No era raro verme inclinado sobre el tablero mientras mis compañeros desafiaban a Newton en arriesgadísimas acrobacias entre los retorcidos hierros de los columpios (¡vaya diferencia con los que hay ahora en los parques!) o corrían tras el esférico antes de merendar el bocadillo de Nocilla o visionar en el UHF a Vicky el Vikingo. Pero yo continuaba navegando por mi autismo ajedrecístico, hasta que ocurrió el incidente.

Imaginad la escena. Yo trasteando con mi tablero magnético reproduciendo la undécima partida del match de 1961. Una pandilla de chavales, compañeros de clase todos ellos, buscando un portero con el que completar un equipo para patear el balón. Una propuesta amistosa respondida con una displicente contestación. Una pregunta capciosa: “¿Juegas con el hombre invisible?” Un silencio inapropiado del interpelado. Un comentario germinal: “Eres un rarito. Anda así te pudras con el estúpido jueguecito”. Un coro de vituperios altisonantes que se prolonga segundos, minutos, días, semanas.
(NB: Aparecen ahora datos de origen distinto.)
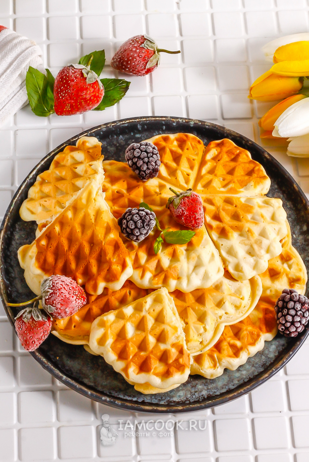 Подготовьте необходимые ингредиенты для создания румяных сливочных вафель в вафельнице.

Una etiqueta que me persigue durante todo un trimestre escolar: “no quiero sentarme junto al “rarito”. Un sentimiento de vergüenza insoportable. Una decisión acomodada. Una renuncia. Una traición.

Preferí el calor de la manada, y Mijail Tahl y mi tablero magnético fueron a parar a una estantería del olvido. Por muchos años. Y decidí ser normal. Ser uno más.

Sin darme cuenta de que me había convertido en uno menos.

martes, 19 de enero de 2010

DEJÁNDOME SEDUCIR

La niñez es la etapa en que todos los hombres son creadores.” Juana de Iabarbourou

Y así pasaba las calurosas tardes, preguntando insistentemente si ya habían pasado las dos obligatorias horas de reposo antes de bañarme (¡el corte de digestión!) mientras desarrollaba mi dama en el movimiento cuatro y destruía las débiles defensas de mi hermano para darle vergonzosos mates con la dama y algún cómplice caballo o alfil. Era un ajedrez primario, burdo, innoble pero divertido, donde la reflexión brillaba por su ausencia y todo era audacia, trucos de café y goce cada vez que mi caballo diversificaba sus amenazas y mi dama besaba con refuerzo al rey adversario. Pero mi hermano Jose se cansó de engordar mi autoestima en detrimento de la suya y mi siguiente víctima suponía un escalón superior de mi árbol genealógico. ¿Existe mayor gozo para un niño que vencer al padre que le ha enseñado a jugar? Y cuando derribé ese castillo de admiración busqué consuelo en un vecino escaquista, sólo para descubrir que la dualidad del juego era tanto su atractivo como su limitación.
¡Maldición! La disponibilidad de rivales es mucho menor que mis ansias de juego ¿Dónde encontraré con quién jugar? ¿Sirve de algo “ensayar” tácticas en solitario, allí inclinado sobre mi magnético tablero esperando la hora del baño?